YOUR ASSIGNMENT —
Exactly as they appear, write the lines from the one containing "En el lugar" to the final line of the entries, leaving pictures out.

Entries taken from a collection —
================================
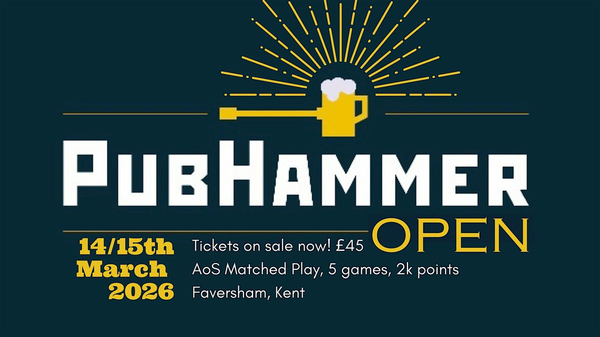 PubHammer Open is an age of Sigmar tournament with space for 20 players. The event will be run using Best Coast Pairings (BCP) and the submission deadline for lists is 9pm on the Wednesday before the event.
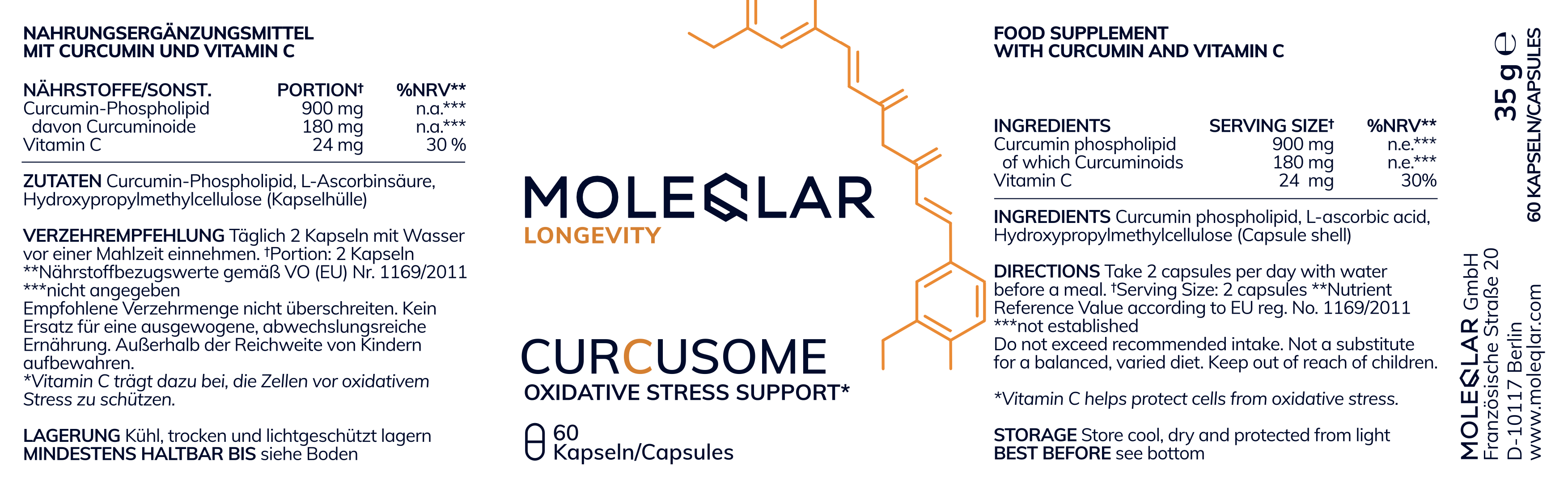 Curcusome kombiniert Curcumin mit Vitamin C in einer hochmodernen Formulierung. Das Curcumin liegt in einem Curcumin-Phospholipid-Komplex, was die Bioverfügbarkeit des Curcumins gegenüber herkömmlichem Kurkuma-Pulver deutlich erhöhen soll. Curcumin, der bioaktive Hauptbestandteil der Kurkuma-Wurzel, ist in der Forschung für seine potenziellen antioxidativen und entzündungsregulierenden Eigenschaften bekannt. Es unterstützt zelluläre Schutzmechanismen. Das enthaltene Vitamin C ergänzt dies ideal, indem es dazu beiträgt, die Zellen vor oxidativem Stress zu schützen.
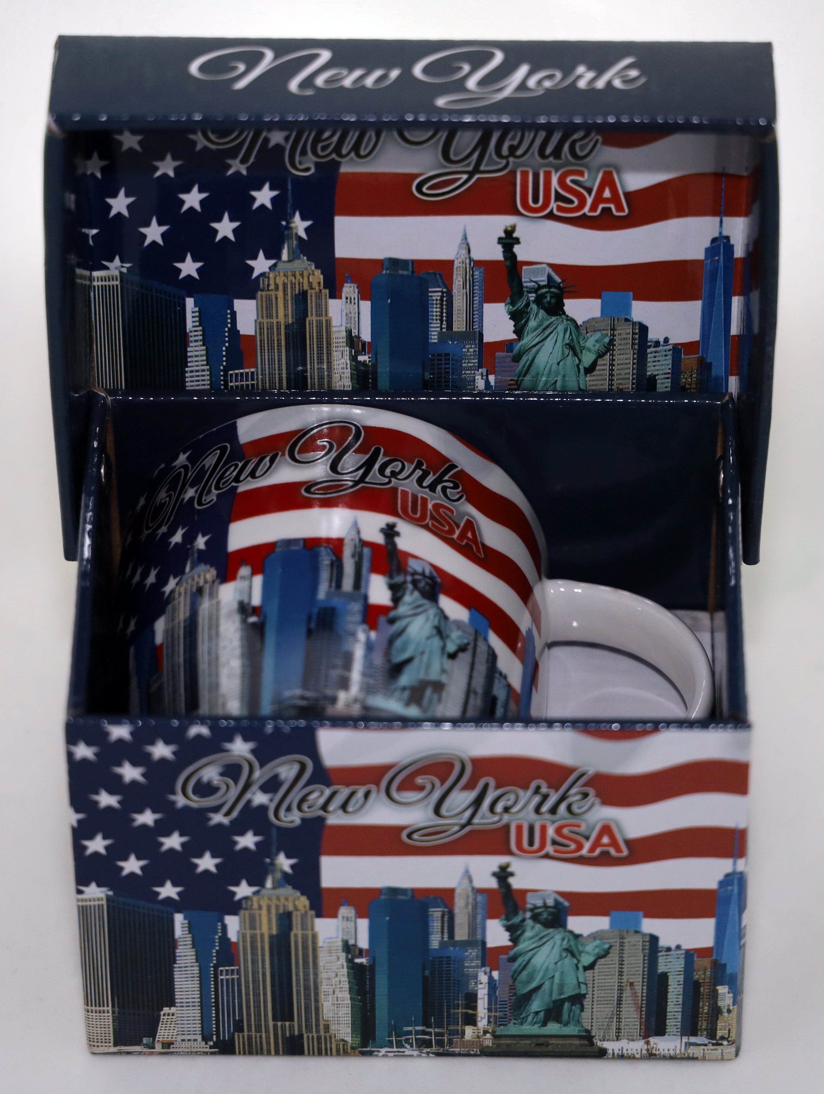 New York USA Flag and Skyline Boxed Coffee Mug 12 oz
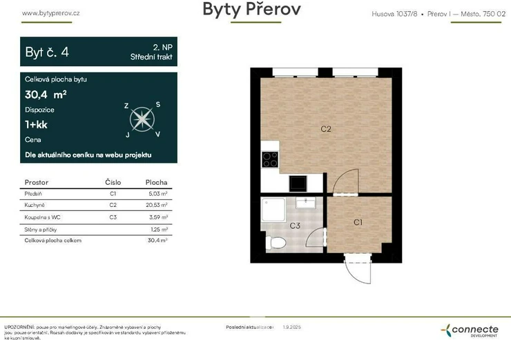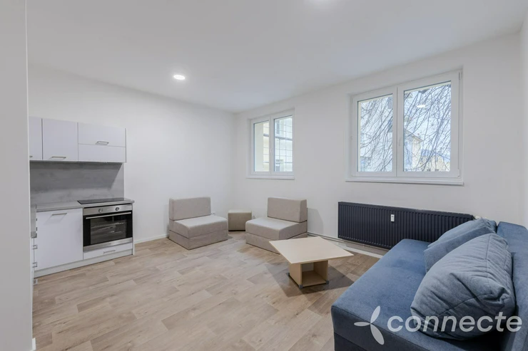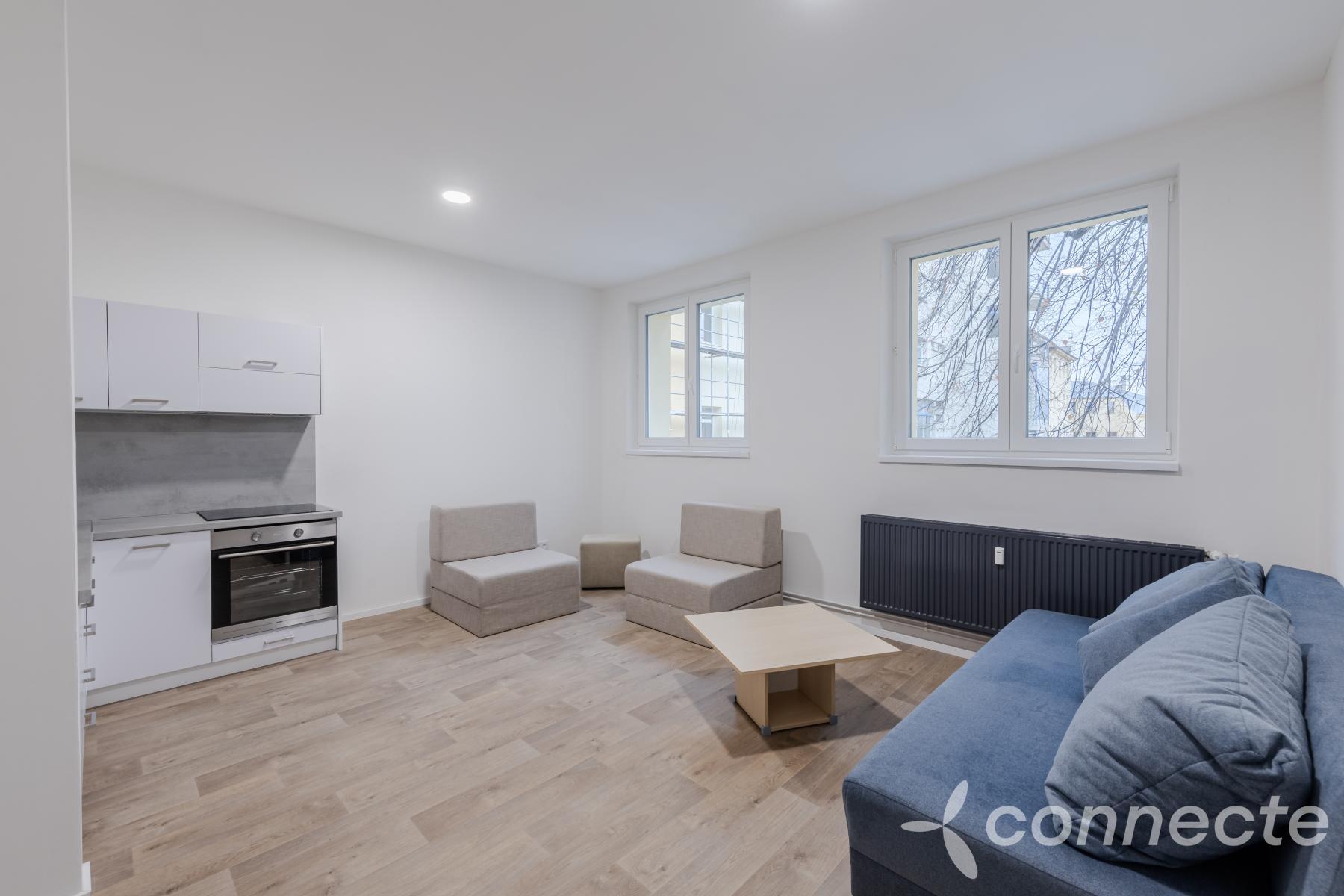 We are offering a modern 1+kk flat for long-term rent, with a floor area of 30.4 m2, situated on the 2nd floor of a fully refurbished brick building in the very centre of Přerov.
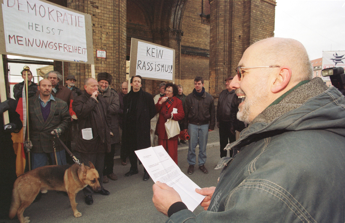 Mit von der Partie waren der Berliner Landesvorsitzende des „Bund Freier Bürger“, Torsten Witt, der BFB-Funktionär Rene Bethage und der Berliner REP-Aktivist Olaf Hempelmann. Die Mini-Rassisten-Demo lief auf dem Bürgersteig bis zur SPD- Bundeszentrale, wo sechs Demonstranten um den BFBler Torsten Witt eindrangen, um Schilder wie »Das deutsche Volk wehrt sich« zu zeigen. Auf der Abschlußkundgebung ermutigte Horst Mahler seine Truppe mit dem Hinweis, daß auch die frühen Montagsdemonstrationen klein angefangen hätten, bevor sie zum »mächtigen Volksstrom« wurden.
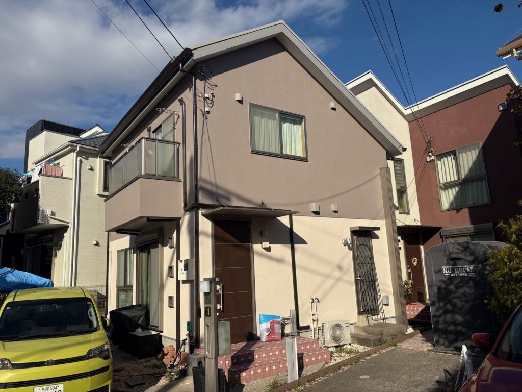 調布市の木造モルタル住宅をベージュとアイボリーで外壁塗装!
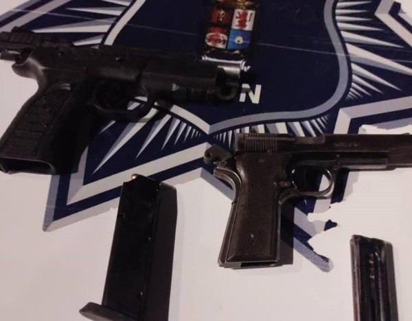 En el lugar también se les aseguraron dos armas de fuego cortas, 16 cartuchos útiles, siete teléfonos celulares y dos envoltorios de droga cristal.
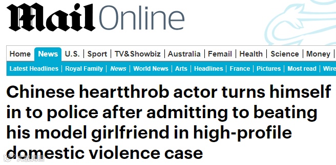 《每日邮报》:在一起备受瞩目的家暴事件中,中国万人迷男星承认殴打日本模特女友,并已向警方自首
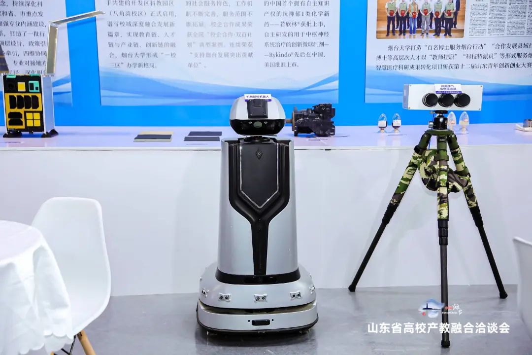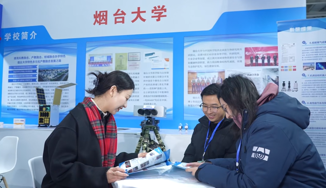 煙臺大學亮相洽談會產教融合主題展覽的科研成果相關實物、部件
================================
ANSWER FOR THIS EXERCISE —
 En el lugar también se les aseguraron dos armas de fuego cortas, 16 cartuchos útiles, siete teléfonos celulares y dos envoltorios de droga cristal.
 《每日邮报》:在一起备受瞩目的家暴事件中,中国万人迷男星承认殴打日本模特女友,并已向警方自首
 煙臺大學亮相洽談會產教融合主題展覽的科研成果相關實物、部件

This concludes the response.